- Exercise goal -
Copy the listing exactly, please, and keep every picture out of it.

- Dataset extract -

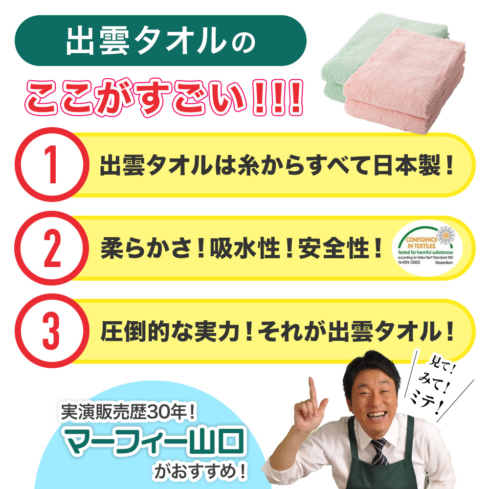 エコテックススタンダード100クラス「製品分類」をクリアしている、出雲タオル「優つつみ」。
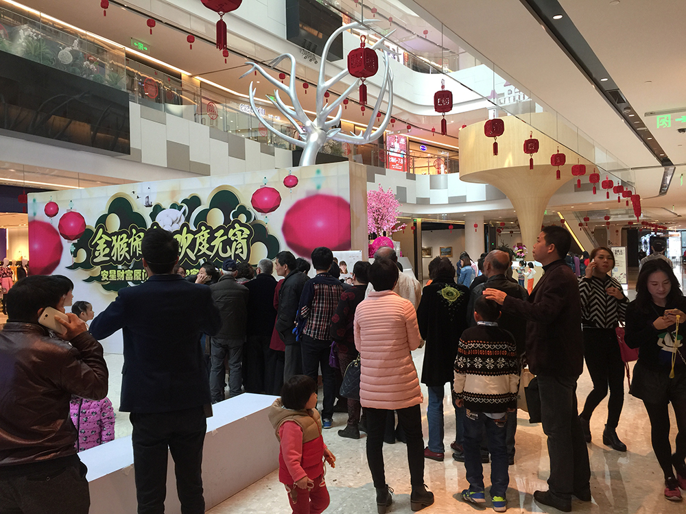 當(dāng)天下午三點(diǎn),JFC品尚中心A館中庭熱鬧非凡,桃花林內(nèi)猜燈謎的人絡(luò)繹不絕,QQ表情符號猜成語、傳統(tǒng)謎語、網(wǎng)絡(luò)腦筋急轉(zhuǎn)彎等各種題目分別懸掛在桃花樹上,猜中的顧客均獲得由JFC品尚中心提供的小猴子手機(jī)掛件。
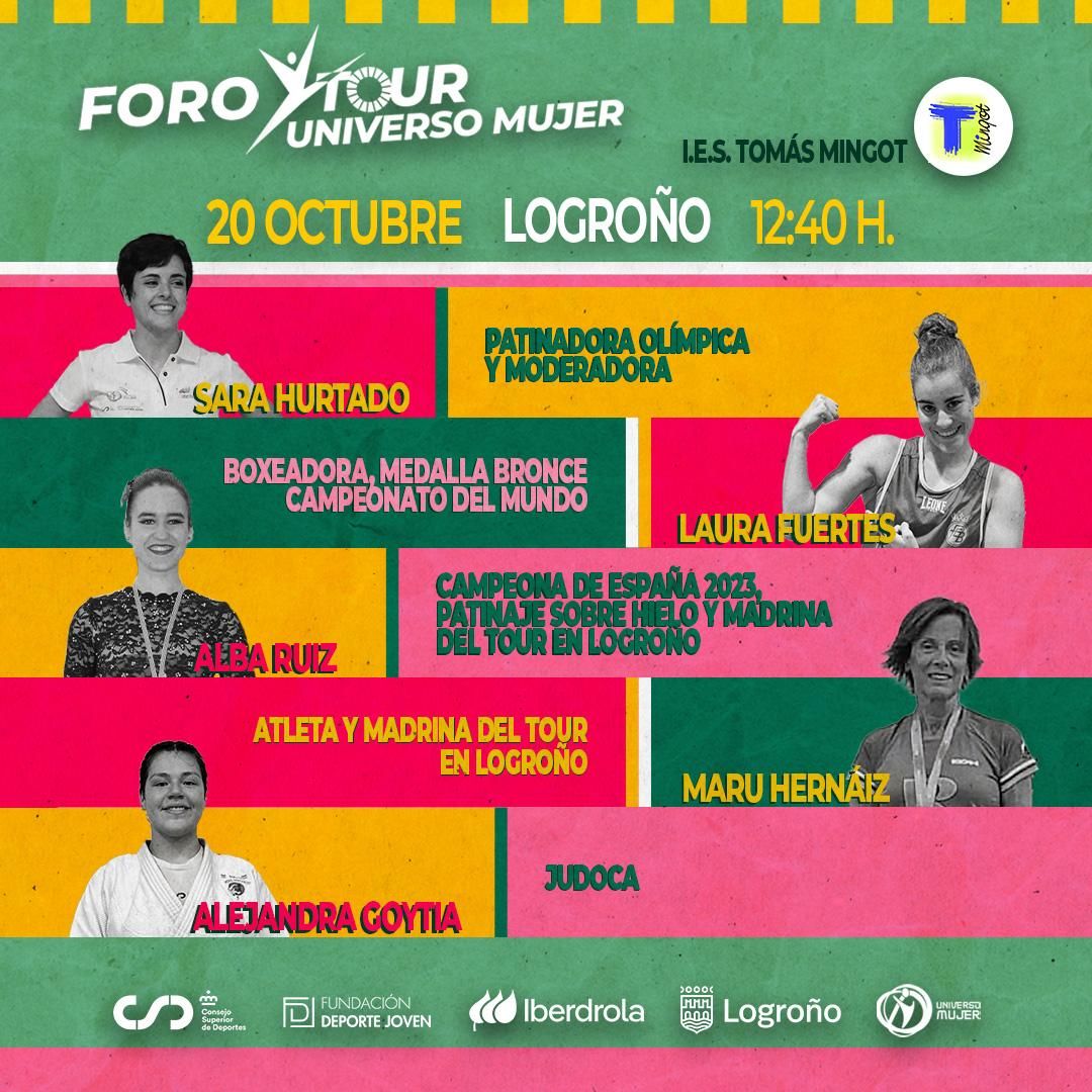Este viernes el IES Tomás Mingot acoge un foro moderado por la ex patinadora olímpica Sara Hurtado y que contará con cuatro grandes deportistas (Laura Fuertes, Alba Ruiz, Maru Hernáiz y Alejandra Goytia) dentro del Tour Universo Mujer, que pasa por Logroño este fin de semana. La nota informativa de Oé oé Marketing, con los detalles, dice así:

- Solution to the problem -
 エコテックススタンダード100クラス「製品分類」をクリアしている、出雲タオル「優つつみ」。
 當(dāng)天下午三點(diǎn),JFC品尚中心A館中庭熱鬧非凡,桃花林內(nèi)猜燈謎的人絡(luò)繹不絕,QQ表情符號猜成語、傳統(tǒng)謎語、網(wǎng)絡(luò)腦筋急轉(zhuǎn)彎等各種題目分別懸掛在桃花樹上,猜中的顧客均獲得由JFC品尚中心提供的小猴子手機(jī)掛件。
Este viernes el IES Tomás Mingot acoge un foro moderado por la ex patinadora olímpica Sara Hurtado y que contará con cuatro grandes deportistas (Laura Fuertes, Alba Ruiz, Maru Hernáiz y Alejandra Goytia) dentro del Tour Universo Mujer, que pasa por Logroño este fin de semana. La nota informativa de Oé oé Marketing, con los detalles, dice así:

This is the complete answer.